Я ответил, что не перечитывал их и не имею никакого желания перечитывать. Для меня они были и остаются пустыми «трубными звуками», перенасыщенными псевдопатриотической риторикой. Они малопонятны, в общем. Может быть, поэтому они и могут быть интересны, потому что малопонятны, а значит, «сюрреалистичны».
В другой вечер, не столько потому, что мне хотелось поразить его, но, скорее, испытывая потребность исповедаться, поделиться с кем-нибудь тем, что я тщательно и давно скрывал, я прочитал ему одно из моих стихотворений. Я написал его в поезде, когда возвращался домой из Болоньи после защиты дипломной работы. Я тешил себя мыслью, что стихотворение верно отражает то глубокое разочарование, которое я испытывал, — ужас, охвативший меня тогда, чувство безысходности, но теперь, читая строчку за строчкой Малнате, я ясно видел, что оно насквозь фальшиво, отдает литературщиной и надуманностью. При этом я испытывал скорее неловкость, чем стыд. Мы шли по проспекту Джовекка по направлению к площадке Панорамы, при взгляде с которой темнота, окутавшая пригороды, казалась особенно черной, густой, как стена. Я читал медленно, пытаясь подчеркнуть ритм, добавляя в голос патетические ноты, чтобы мои бедные вирши могли сойти за хорошие стихи, но с каждой строчкой я все больше убеждался, что мою декламацию ждет неминуемый провал. Но я ошибался. Как только я кончил, Малнате посмотрел на меня с необычайной серьезностью, а потом, к моему величайшему удивлению, заявил, то мои стихи ему очень понравились. Он попросил меня прочитать их еще раз (и я тут же это сделал). Потом он сказал, что, по его скромному мнению, моя «лирика» сама по себе стоит больше, чем все «болезненные потуги Монтале и Унгаретти, вместе взятые». В ней чувствуется настоящая боль, «моральный долг» — совершенно новый, оригинальный.

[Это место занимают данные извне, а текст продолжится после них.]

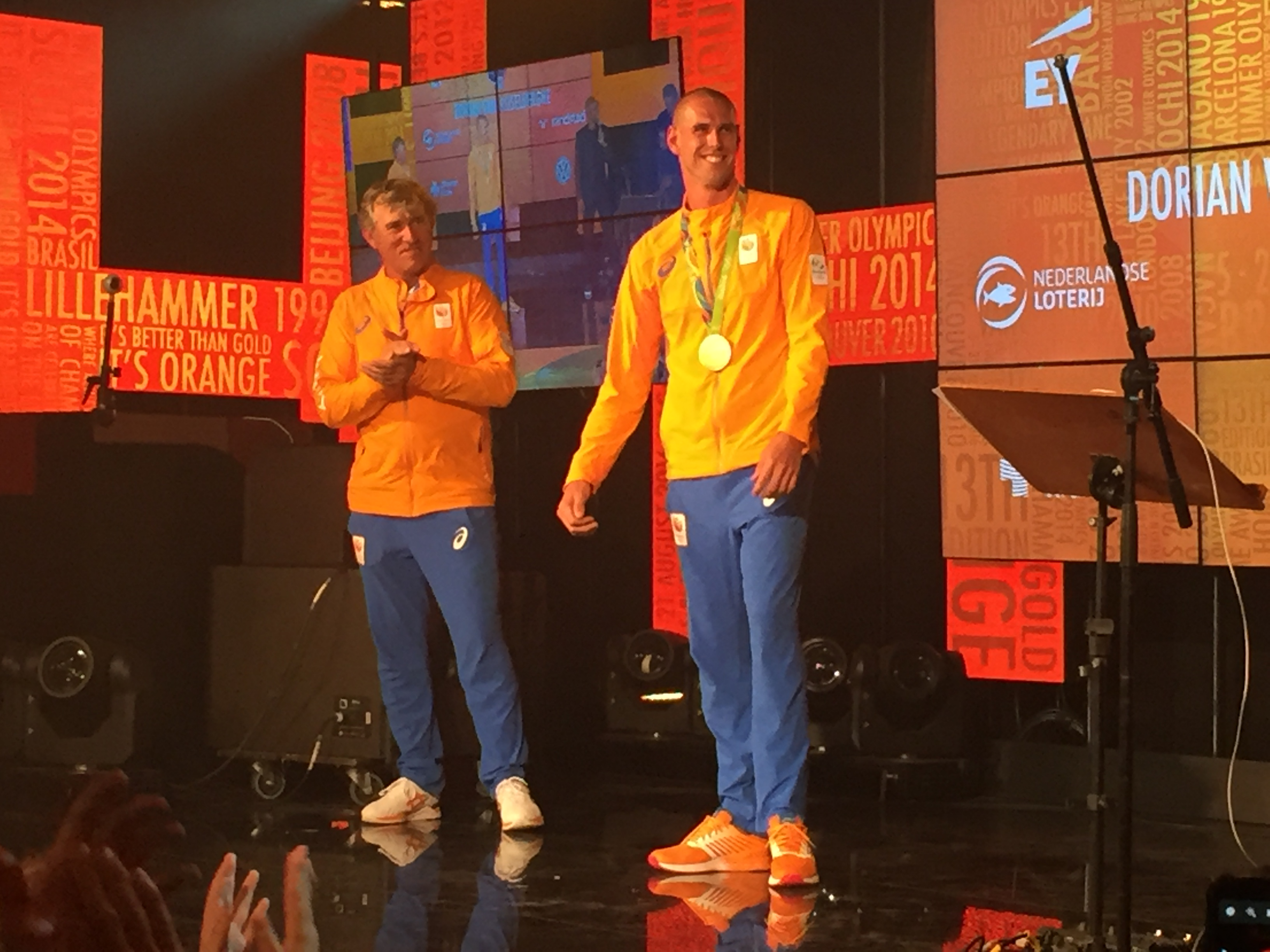 Rio 2016 Summer Olympics

Был ли Малнате искренним? В тот момент, наверное, да. Во всяком случае, быстро выучив наизусть мое стихотворение, он постоянно его цитировал, утверждая, что в нем можно найти «выход» для современной итальянской поэзии, погибающей в безводных пустынях каллиграфизма и герметизма. Признаюсь, я слушал его и не пытался остановить. В ответ на его чрезмерные похвалы я только слабо протестовал, но сердце мое было переполнено благодарностью и надеждой, чувствами скорее трогательными, чем низкими, если хорошенько подумать.